6. Anderson Valley Winter Solstice Seasonal Ale: If you like your winter warmers a bit more restrained in alcohol but still big in taste, Anderson Valley’s Winter Solstice will be right up your alley.
7. Fremont Harvest Ale: A fantastic fresh hop pale ale.
8. Half Acre Daisy Cutter Pale Ale: This Chicago local is lighter-bodied and boasts strong citrus.
9. 21st Amendment Hell or High Watermelon Wheat: It’s a picnic in a can.
10. Big Sky Trout Slayer: Craving a wheat beer without the fruit? Big Sky’s Trout Slayer is as pure as it gets: unfiltered, crisp and sessionable.
11. Sixpoint Resin: New Englanders, rejoice! This massive hop bomb weighs in at 9 percent ABV and more than 100 IBUs, and its name tips the hand of its dominant characteristic: sticky, resiny hops.

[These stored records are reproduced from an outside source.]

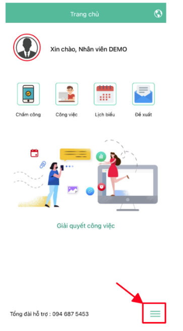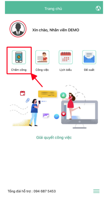 - Bước 1: Từ màn hình giao diện chọn CHẤM CÔNG
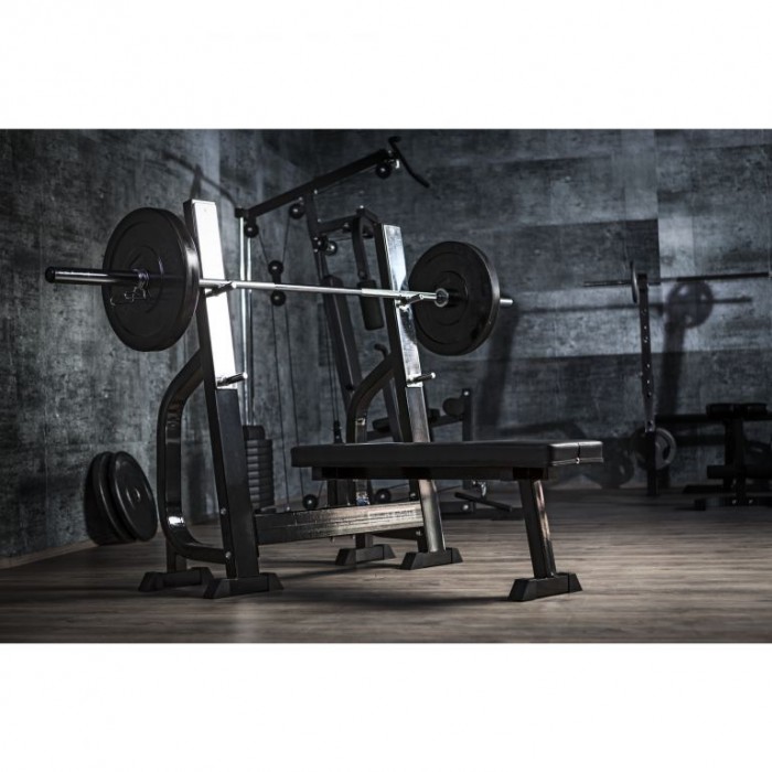 Ideální je rám, který pevně spojuje lavici a stojan na činky. V případě pevné tlakové lavice to znamená celkovou hmotnost 40 kilogramů. Jedná se o stabilní základ pro trénink v nejvyšší váhové lize se zátěží až 250 kilogramů. Kvalitní profesionální posilovací lavice by měla být navržena tak, aby na ni mohl partner při tréninku snadno vstoupit a poskytnout oporu, aniž by se musel nezdravě kroutit dopředu. U masivní tlakové lavice se partner může pohybovat celým tělem v blízkosti činky. To mu umožňuje rozvíjet pákový efekt ve vzpřímené poloze.
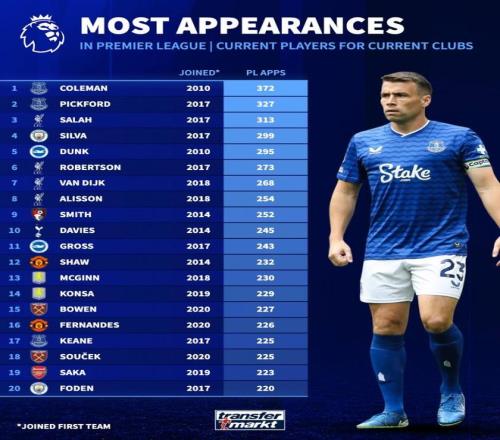 北京时间4月29日,德转列出了英超球员在现俱乐部中联赛出场数排名,埃弗顿老将科尔曼以372场高居第一,萨拉赫、伯纳多-席尔瓦、范戴克、布鲁诺-费尔南德斯以及萨卡上榜。

12. Ballast Point Sculpin: Until recently, this stellar IPA was a hoppy gem available only in 22-ounce bombers with limited distribution. Thanks to a big ramp-up in production, you can now find it all over both coasts and in travel-friendly cans.
13. Surly Coffee Bender: Coffee Bender is an American brown ale that drinks like a porter.
14. Maui CoCoNut Porter: Specialty malts play nicely with a touch of sweetness from toasted coconuts.
15. Anderson Valley Barney Flats Oatmeal Stout: A backcountry beer for backcountry camping. Dark and roasty, this beer will complement any food cooked over an open flame.
16. Sierra Nevada Torpedo Extra IPA: Did you know the Torpedo is the best-selling IPA in the country? Now you do.
17. Rhinegeist Truth IPA: A potently hopped, fruity IPA from Cincinnati.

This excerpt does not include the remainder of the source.